The 310th Critical Care Reviews Newsletter brings you the best critical care research and open acritcal care reviewsccess articles from across the medical literature over the past seven days.  The highlights of this week’s issue are narrative reviews on airway management in trauma, ischaemic stroke care and critical care echocardiography; commentaries on ICU sedation and fluid administration in the critically ill patient; a guideline on sonography in hypotension and cardiac arrest, and an editorial debate on whether “social media has created emergency medicine celebrities who now influence practice more than published evidence”.

The full copy of newsletter 3095 19th November 2017 can be accessed via this link.
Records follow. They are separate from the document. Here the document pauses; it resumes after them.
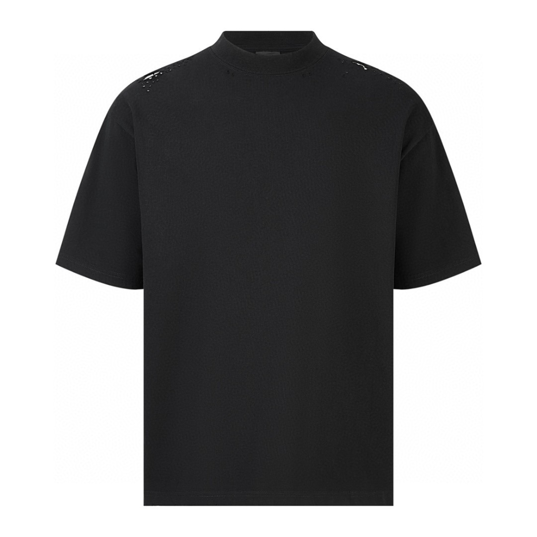 Balenciaga 巴黎世家 做旧破洞梵文字母logo印花短袖 T 恤 圆领 夏季 黑色 764235TQVJ81569
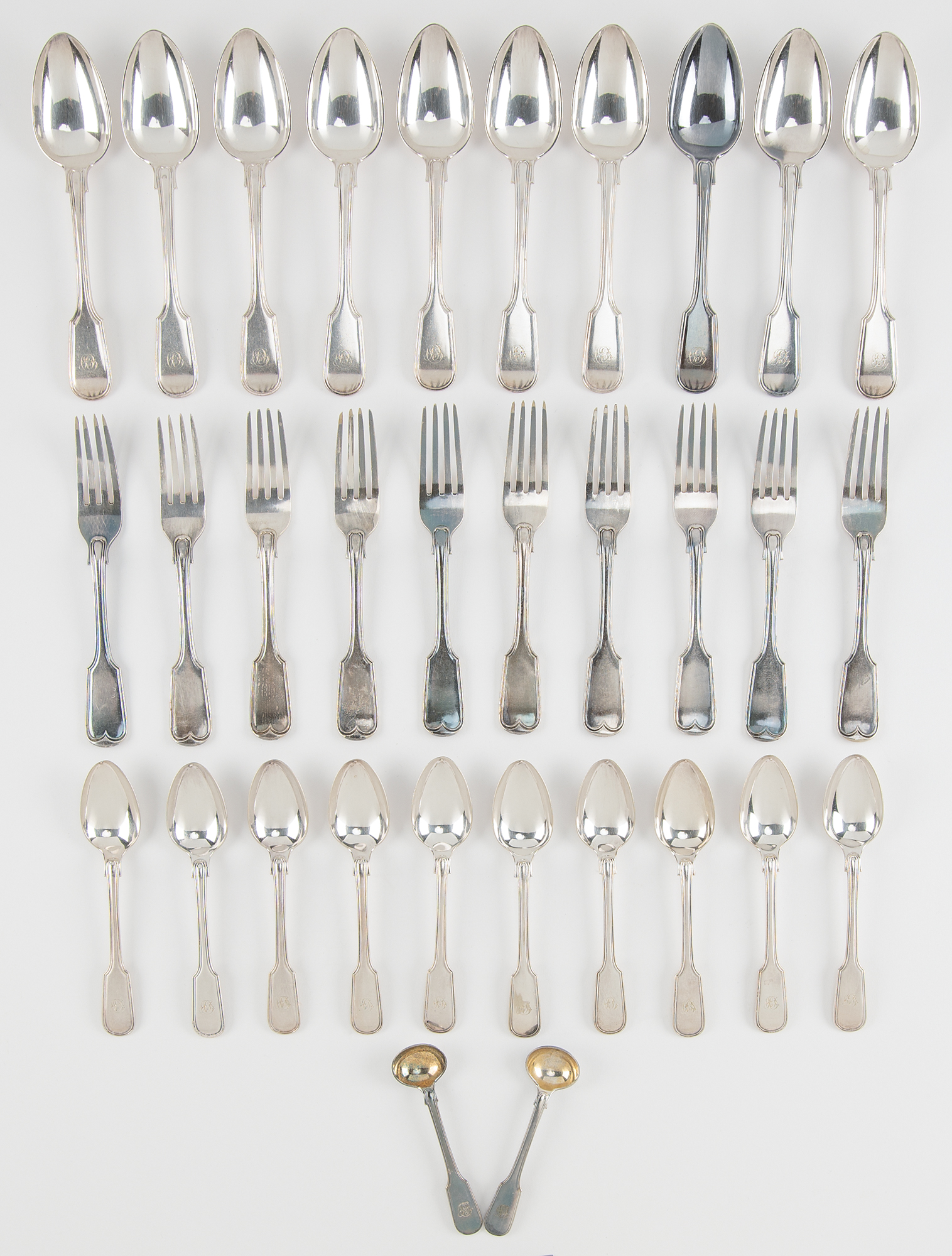 Fantastic set of 32 silver-plated spoons and forks personally owned and used by Charles Dickens at Gad's Hill Place, all elegantly engraved with his monogram in fancy script, "CD." Includes ten dessert spoons, ten forks, ten tea spoons, and two tiny salt spoons, all of a matching fiddle leaf thread pattern, with manufacturer's stamps of Martin, Hall & Co. of Sheffield, circa 1860. In overall very good to fine condition, with light wear from use.
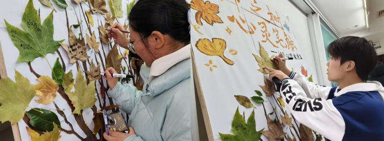 活动现场,同学们以叶子为媒介,展开了一场关于生命意义与美好愿景的探索。每一片被精心创作的叶子,都是独一无二的心灵表达,它们或以文字承载对于未来的美好愿景,或以鲜艳的色彩渲染出当下的心情。文字与画笔交织,不仅使得“生命之树”重新焕发出蓬勃生机,也让员工们的内心世界得以展现,彼此间的心灵因此更加贴近。这棵树不仅记录了员工们当下的思考与情感,更成为了时间的长河中,一抹温暖而持久的记忆,提醒着每一个人:在这个广阔的世界里,每个人的生命故事都是独特且宝贵的。
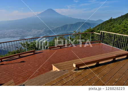 御坂山地の新道峠 FUJIYAMAツインテラスのセカンドテラスから望む富士山と河口湖
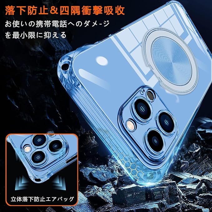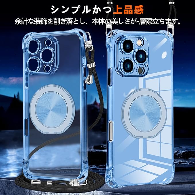 iPhone 17 Pro Max 用 ケース クリア MagSafe対応 リング スタンド 360度回転できる ワイヤレス充電 ネック ショルダー あいほん 17 pro max カバー 肩掛け 首掛け 斜めがけ 紐付き 韓国 耐衝撃 米軍MIL規格取得 スタンド機能 縦横両対応 落下防止 透明 TPU 薄型 軽量 黄変なしスタンド機能車載対応 アイフォン 17 promax スマホケース
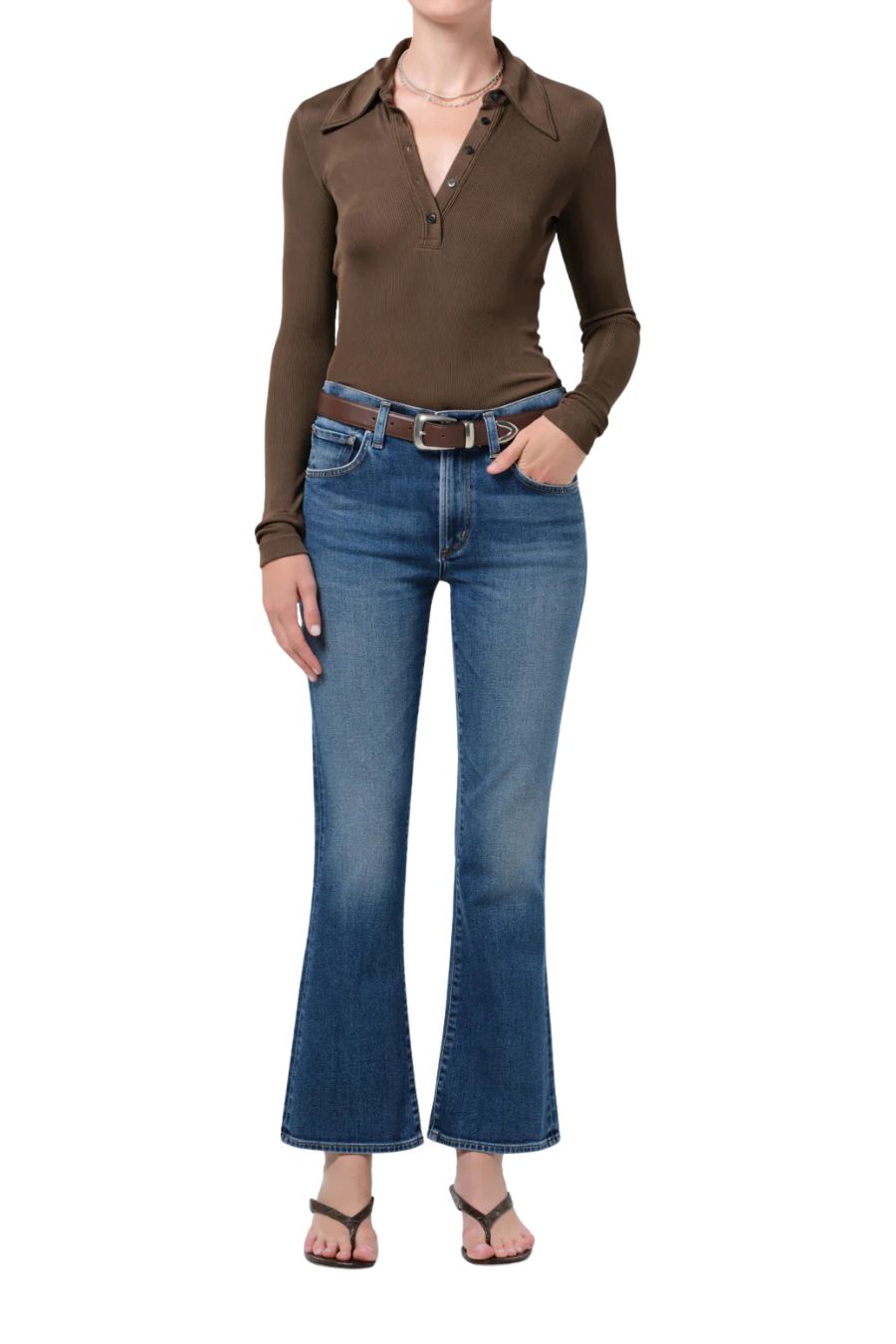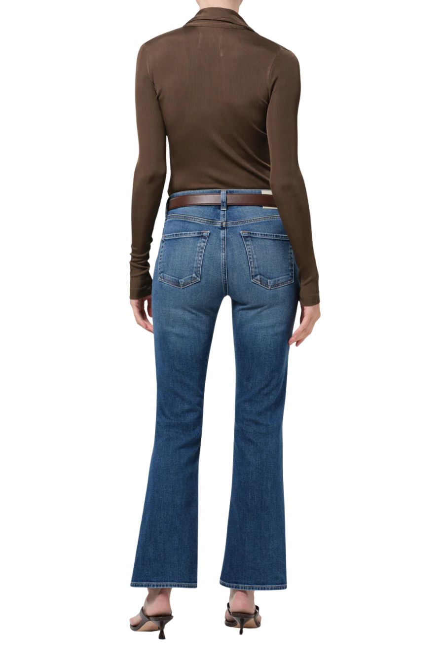 The Goldie offers a refined interpretation of ‘70s-inspired denim. Designed with a mid rise and a subtle kick-flare hem, the silhouette creates a long, balanced line that feels both timeless and modern. Crafted from comfort-stretch denim in a medium indigo wash, it has a super-soft hand and gently structured drape for all-day wearability. The perfect blend of ease and sophistication—an effortless go-to for elevated everyday dressing.

Intensive Care Unit Outcomes Among Patients With Cancer After Palliative Radiation Therapy

This paper by Kruser and colleagues was published in the November issue of the International Journal of Radiation Oncology, Biology and Physics.
Purpose:  To inform goals of care discussions at the time of palliative radiation therapy (RT) consultation, we sought to characterize intensive care unit (ICU) outcomes for patients treated with palliative RT compared to all other patients with metastatic cancer admitted to the ICU.
Methods and materials:  We conducted a retrospective cohort study of patients with metastatic cancer admitted to an ICU in a tertiary medical centre from January 2010 to September 2015. We compared in-hospital mortality between patients who received palliative RT in the 12 months before admission and all other patients with metastatic cancer. We used multivariable logistic regression to evaluate the association between receipt of palliative RT and in-hospital mortality, adjusting for patient characteristics and acute illness severity.
Results:  Among 1424 patients with metastatic cancer, 11.3% (n=161) received palliative RT before ICU admission. In-hospital mortality was 36.7% for palliative RT patients, compared with 16.6% for other patients with metastatic cancer (P<.001). Receipt of palliative RT was associated with increased in-hospital mortality (odds ratio 2.08, 95% confidence interval 1.34-3.21, P=.001), after adjusting for patient characteristics and severity of critical illness. Only 34 patients (21.1%) treated with palliative RT received additional cancer-directed treatment after ICU admission.
Conclusions:  For patients with metastatic cancer, prior treatment with palliative RT is associated with increased in-hospital mortality after ICU admission. Nearly half of patients previously treated with palliative RT either died during hospitalization or were discharged with hospice care, and few received further cancer-directed therapy. Palliative RT referral may represent an opportunity to discuss end-of-life treatment preferences with patients and families.
The article is available on the internet to those who have a personal subscription via this link to the full text.  Library members can order individual articles via the Rotherham NHS Foundation Trust Library and Knowledge Service using the article requests online via this link.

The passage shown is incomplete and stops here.